Он вышел, но вместо того, чтобы направиться к лестнице, ведущей на первый этаж, уселся на золоченую банкетку с пурпурной обивкой, которая стояла у двери номера, и терпеливо просидел в коридоре около получаса. Эта уловка должна была убедить телефон, что он ушел. Все телефоны были хитрыми бестиями, и на них нужно было устраивать засады. Чтобы вынудить их зазвонить, зачастую достаточно было заставить их поверить, что дома никого нет.

Вилли била мелкая дрожь. Если дело примет серьезный оборот, ему придется рассчитывать только на Сопрано. Но как добраться до этого проклятого сукина сына? Он смог получить телефонный номер по адресу в Палермо, который дал ему Белч, но, позвонив, услышал в трубке музыку и веселый женский смех. Вилли слабо знал итальянский язык, но чтобы понять, что он попал в бордель, не нужно было быть лингвистом. Однако это его несколько успокоило — Сопрано обретал плоть и кровь. Вилли всегда верил в чудеса, то есть во всякую дрянь, которая управляет судьбами людей.
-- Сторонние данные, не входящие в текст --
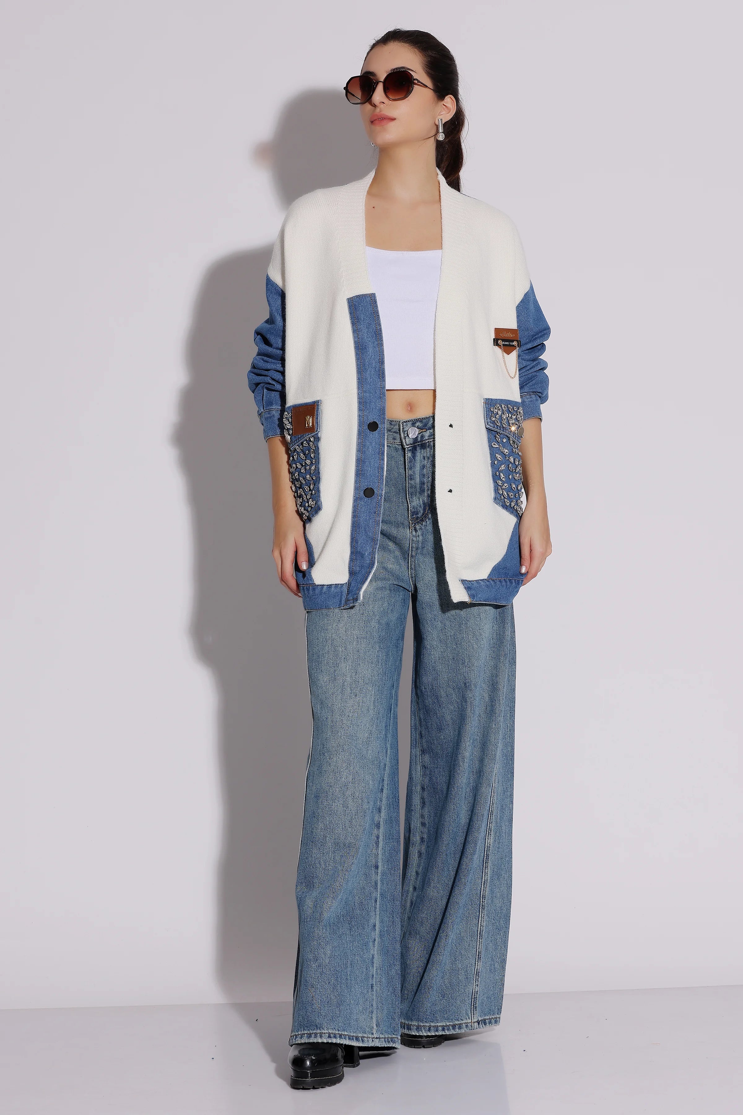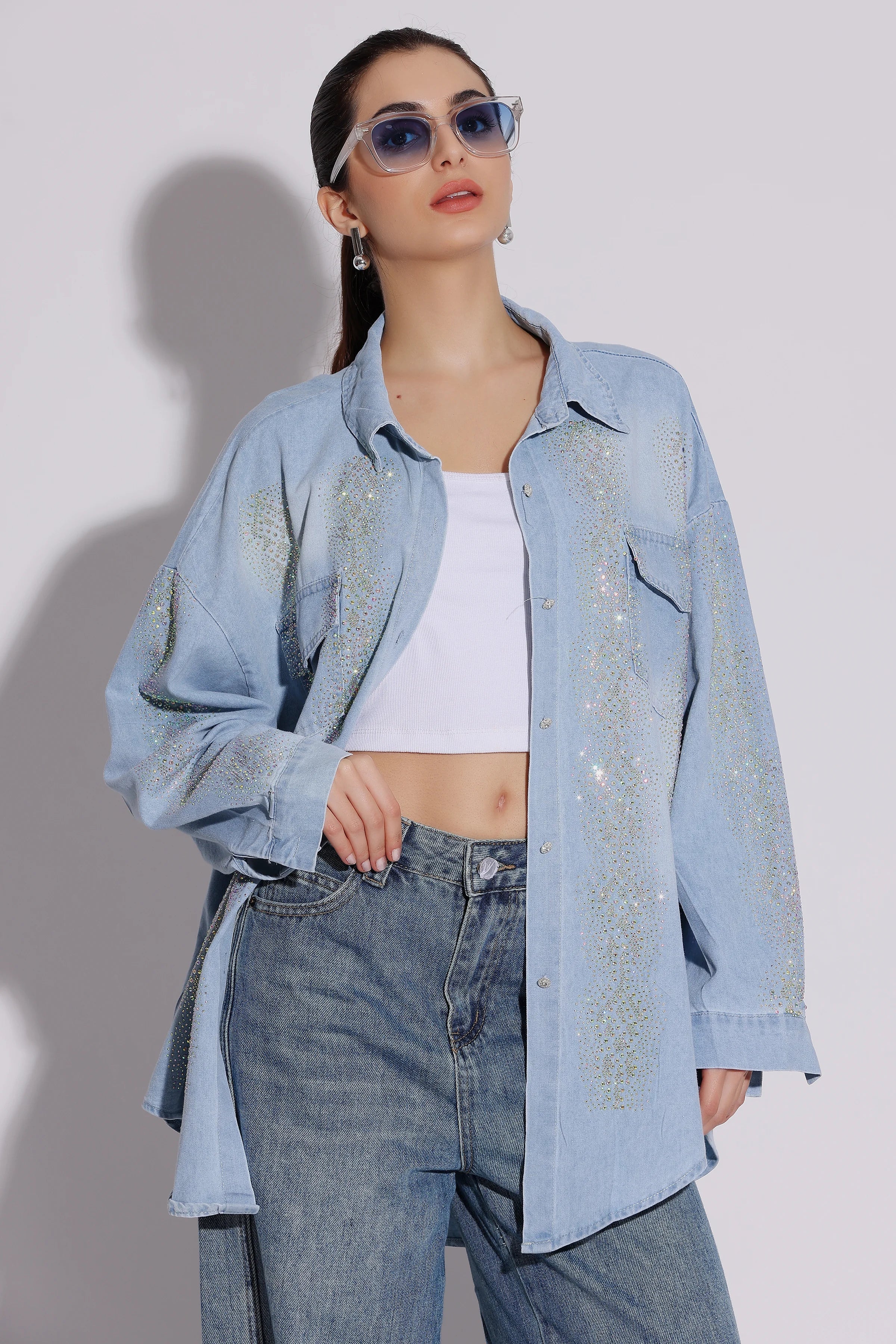 Sparkling denim oversized shirt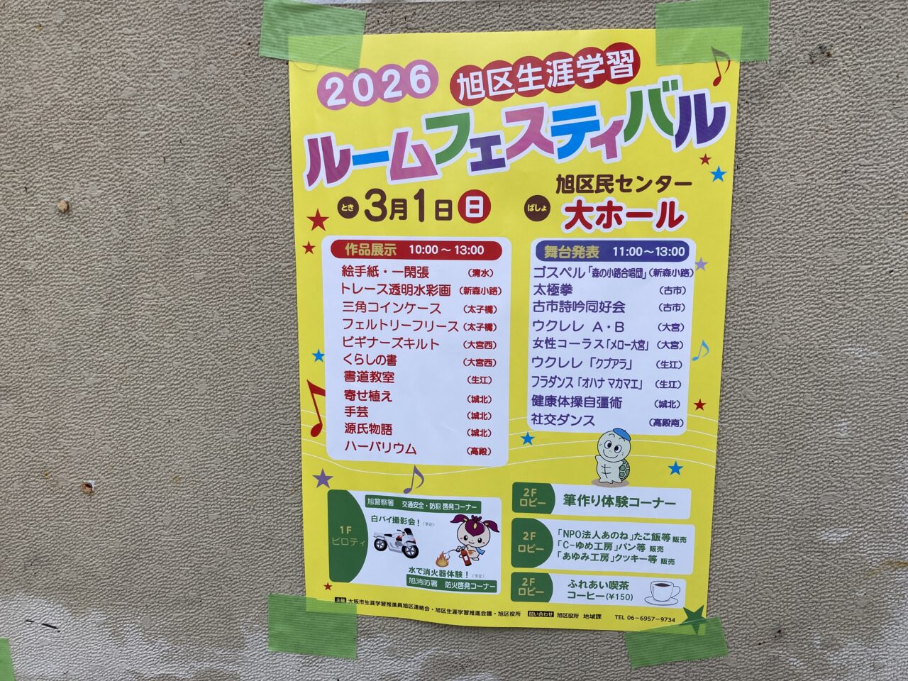 【大阪市旭区】入場無料!3月1日(日)旭区民センターで「旭区生涯学習ルームフェスティバル」が開催!

Белч, Сопрано и вся мафия были тем, чем, старея, становятся сказки: последним воплощением, в зависимости от возраста человека, волшебной палочки, Сезама-откройся и ковра-самолета, тем, чем становится «Тысяча и одна ночь», постарев на тысячу и один день. Даже сейчас, сидя в коридоре, он, как истинный верующий, был убежден, что его хранит Ее Величество Подлость: нужно только вести себя как подлец, и тогда она проявит свою благосклонность, защитит и поддержит.

Он услышал телефонный звонок и устремился к двери. Когда он вошел, Гарантье уже собирался положись трубку. Он даже не пытался скрыть свою озабоченность.

— Это Энн. Возьмите трубку. Я терпеть не могу подобных ситуаций.

Энн была удивлена, услышав в трубке иронический и снисходительный голос Вилли: она забыла его.

— Дорогая, вы даже не представляете себе, какая это для меня радость — знать, что вы наконец-то нашли свое счастье. Это очень полезно для вашего искусства. Я отправлю вам ваши чемоданы и открою на ваше имя счет в банке «Барклайз» в Монте-Карло на тот случай, если у вашего друга вдруг проявится тяга к роскоши. Немного белья вам, разумеется, тоже не помешает. Мне кажется, это все, что вам сейчас нужно. Не могли бы вы сообщить мне, сколько еще времени продлится эта история? Неделю или немного больше? Это лишь для того, чтобы знать, как вести себя перед журналистами.

— Я ничего не могу вам сказать, Вилли.

— В конце концов, мы, актеры, всем обязаны прекрасным чувствам… Мы живем ими. Без этих маленьких проявлений искренности не было бы искусства. Нам нужно склониться перед ними в глубоком поклоне — ведь они проходят так быстро! И доставляют нам. столько страданий! Кстати. Вы не хотите поговорить с отцом?

— Нет.

— Хорошо. Он поймет. Он тоже натура крайне деликатная.

— Вилли.

— Не беспокойтесь. Я переживу. И, если позволите, процитирую одного французского поэта. Некоего Ронсара… «Живите, коль верите мне, днем сегодняшним, спешите сейчас же сорвать розы жизни.»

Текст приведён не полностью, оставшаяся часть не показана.